Nurses in the Northern Health region have been told during the past year not to confiscate patients’ drugs or weapons, according to a leaked memo obtained by the B.C. United party.
The advice was in response to the province’s decriminalization experiment, which has resulted in an increase in patients who possess or use drugs while in hospital, according to the memo.
While the Ministry of Health disputes that the memo amounts to an acceptance of illicit drug use in hospitals, the B.C. Nurses Union said the reality is patients are using drugs in hospitals across the province, which is putting nurses at risk.
“This is becoming a widespread issue of significant magnitude,” Adriane Gear told Postmedia News. Gear said she recently talked to a nurse who was exposed twice in a week to smoke from illicit drugs.
B.C. United health critic Shirley Bond grilled B.C. NDP cabinet ministers over the memo during question period on Wednesday, saying it is evidence the government’s decriminalization policy has created a “free for all” in B.C. hospitals that is exposing health-care staff to illicit substances.
“There are reports of meth being smoked in a unit just hours after the birth of a newborn baby,” Bond said. “How many more nurses have to be put at risk and infants exposed to illicit hard drugs in our hospitals before the premier puts an end to this reckless decriminalization experiment?”
The party heard from an Island Health nurse who returned to work after maternity leave and was exposed to the smoke from illicit drugs, said B.C. United addictions critic Elenore Sturko. The exposure was so severe, she needed emergency care and was advised to stop breast feeding her infant, Sturko said.
The memo, sent to staff at the G.R. Baker Memorial Hospital in Quesnel on July 7, 2023, says that in light of the province’s decriminalization policy — which applies to anyone in possession of 2.5 grams or less of heroin, fentanyl, cocaine, methamphetamine or MDMA — “staff should not be searching a patient’s personal belongings and taking away or holding onto their substances.”
“Staff DO NOT remove personal items from the patient’s room, even if there is a knife or something considered as a weapon under [four inches] long,” the memo reads. “We use our best professional judgment on this and risk of violence factors. The patient is asked to lock it up or ask someone to bring it home for them.”
Nurses were told not to remove substances, vape pens, pipes or other drug paraphernalia.
The memo also states, “We do not restrict visitors if we suspect patients are bringing in substances. Only restrict if they are violent, intoxicated or posing a problem. We don’t restrict if they’re dropping off substances or suspect [sic] of the same.”
The memo stresses that nurses are not law enforcement and “we have never been responsible for ensuring patients/clients are not in possession of unlawful substances.”
The memo also states that staff will not be supplied with needlestick-proof gloves because they should not be going through patients’ belongings.
Staff were warned that it is illegal to go through patients’ belongings, and they could face possible charges and discipline.
The memo advises staff not to call the RCMP or security staff to go through a patient’s belongings.
“Police are only called for gunshot wounds and stabbings and related concerns. We can offer to lock up items for patients instead if they wish to do so.”
Gear said she has heard concerns about open drug use from nurses at hospitals across Vancouver Island and in the Interior.

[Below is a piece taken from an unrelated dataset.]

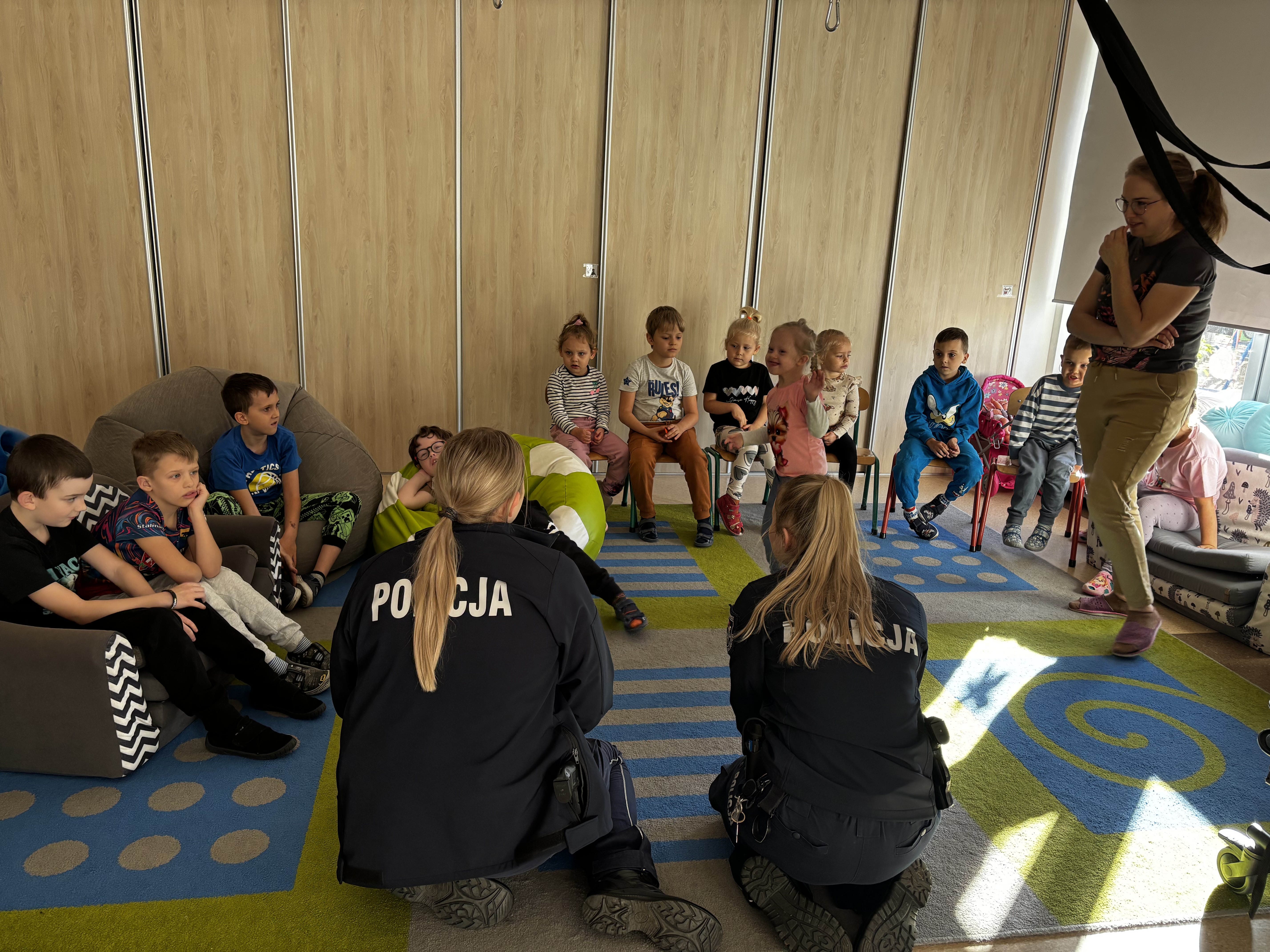 Dziś grupa Motylków, Elfów, Świetlików i Krasnali miała wyjątkowych gości – odwiedziły nas panie policjantki. Opowiedziały nam o swojej pracy, przypomniały zasady bezpieczeństwa. Każde dziecko otrzymało odblaskową opaskę, która na pewno przyda się podczas jesiennych spacerów.

For example, Gear said the maternity ward of Victoria General Hospital is now equipped with a special device to detect harmful particulate matter such as smokable drugs. A light goes off to warn health care staff that potentially harmful substances are in the air so they can wear a respirator for protection.

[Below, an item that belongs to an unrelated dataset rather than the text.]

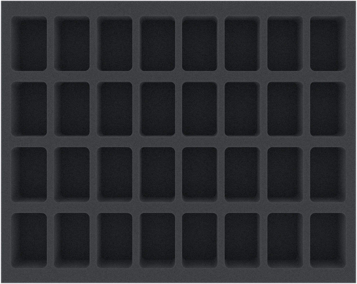 Diese Full-Size-Schaumstoffeinlage eignet sich mit ihren 32 Fächern hervorragend, um deine Miniaturen übersichtlich und bestens geschützt aufzubewahren.

The Ministry of Health said in a statement the Northern Health staff member who sent the memo should have “reconsidered” how it was phrased. The staff member was offering guidance but that doesn’t reflect official health authority policy.

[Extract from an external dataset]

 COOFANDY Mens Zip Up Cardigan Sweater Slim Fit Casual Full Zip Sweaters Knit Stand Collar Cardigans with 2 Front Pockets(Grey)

The ministry said the possession and use of controlled substances is “prohibited for all clients in emergency departments, any unit where clients under the age of 18 are present, inpatient psychiatric units and inpatient withdrawal units.”
“Staff will collaborate with the client and other clinical staff to develop and implement a culturally safe, trauma informed and harm-reduction-based plan of care, including providing information on where clients may safely use substances,” the ministry said.
Health Minister Adrian Dix said during question period it’s “absolutely unacceptable” for people to have weapons in public hospitals and stressed that the government has taken steps to improve the safety of health-care staff, including by hiring 230 security guards at health-care sites across the province.
Mental Health and Addictions Minister Jennifer Whiteside defended the government’s decriminalization approach, saying ending it “won’t save a single life, not a single life.”
Sturko said Whiteside should allow crystal meth smoking in her office so she can “experience what health-care workers are facing in their workplace every single day.”
Gear stressed that the union and nurses support harm reduction for patients.
“We want to provide quality, trauma-informed, culturally appropriate care to our patients,” she said.
“But it can’t be at the cost of nurses’ safety.”